I hadn’t heard anyone say that.

And that illustrates the contribution of “I am one person” to dialogue. I don’t know the technical ins and outs of the healthcare system, but I do have an unusual ability to consider both/and solutions. In a world where either/or is the dominant paradigm, that’s a valuable gift.

So in a grand dialogue on healthcare, or any issue, even non-experts like me have a role to play. The more people we bring to the table, the more gifts and perspectives we have at our disposal, and more thoughtful the solutions that arise.

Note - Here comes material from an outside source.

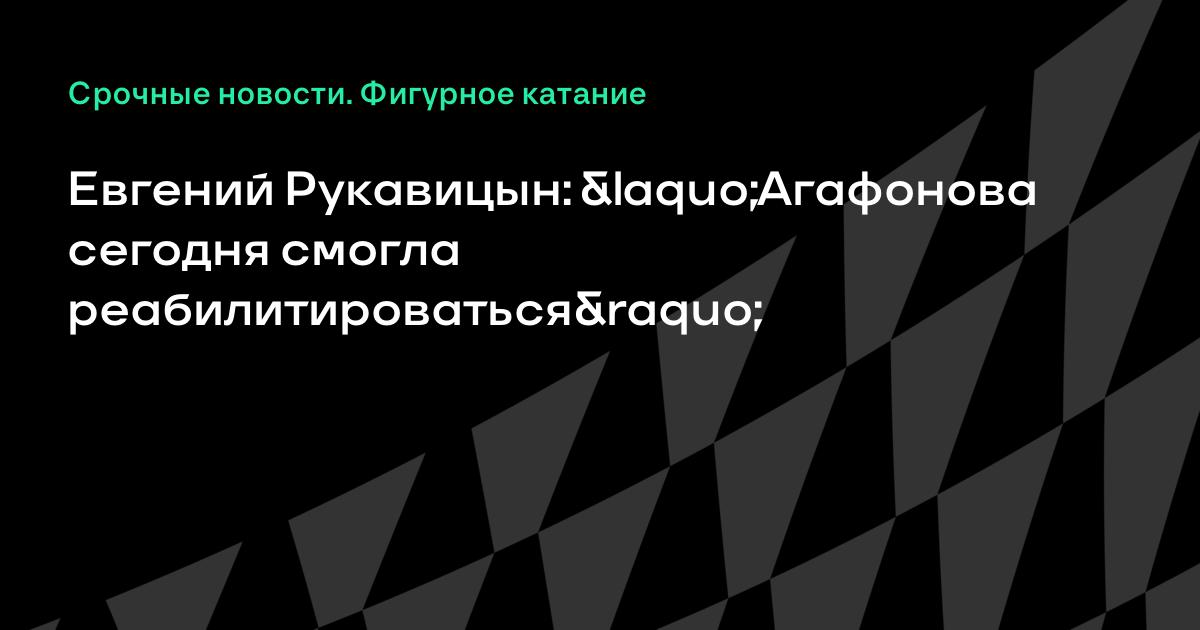 Евгений Рукавицын: «Агафонова сегодня смогла реабилитироваться»

This also makes humility an essential component of social change. What if a robust policy framework arises from our grand dialogue? As “only one person,” I look at the power of the Congress, the complexity of the bureaucracy, the staggering challenge of swaying public opinion, and I despair. But, in “I am one person” mode, I look at my gifts and realize I can write. So I write op-ed pieces, letters to the editor, and missives to individual legislators. At the same time, I see that I need others with expertise in recruiting volunteers, drafting legislation, and lobbying elected officials—so I join with them to wield exponentially more clout than I could by myself.

In other words, humility opens us to power of we.  

Humility calls us to hear everyone. Humility calls us to contribute what we have while realizing its limitations. Humility draws us together to think and act with power. Imagine what might happen if everyone cultivated that kind of humility within themselves.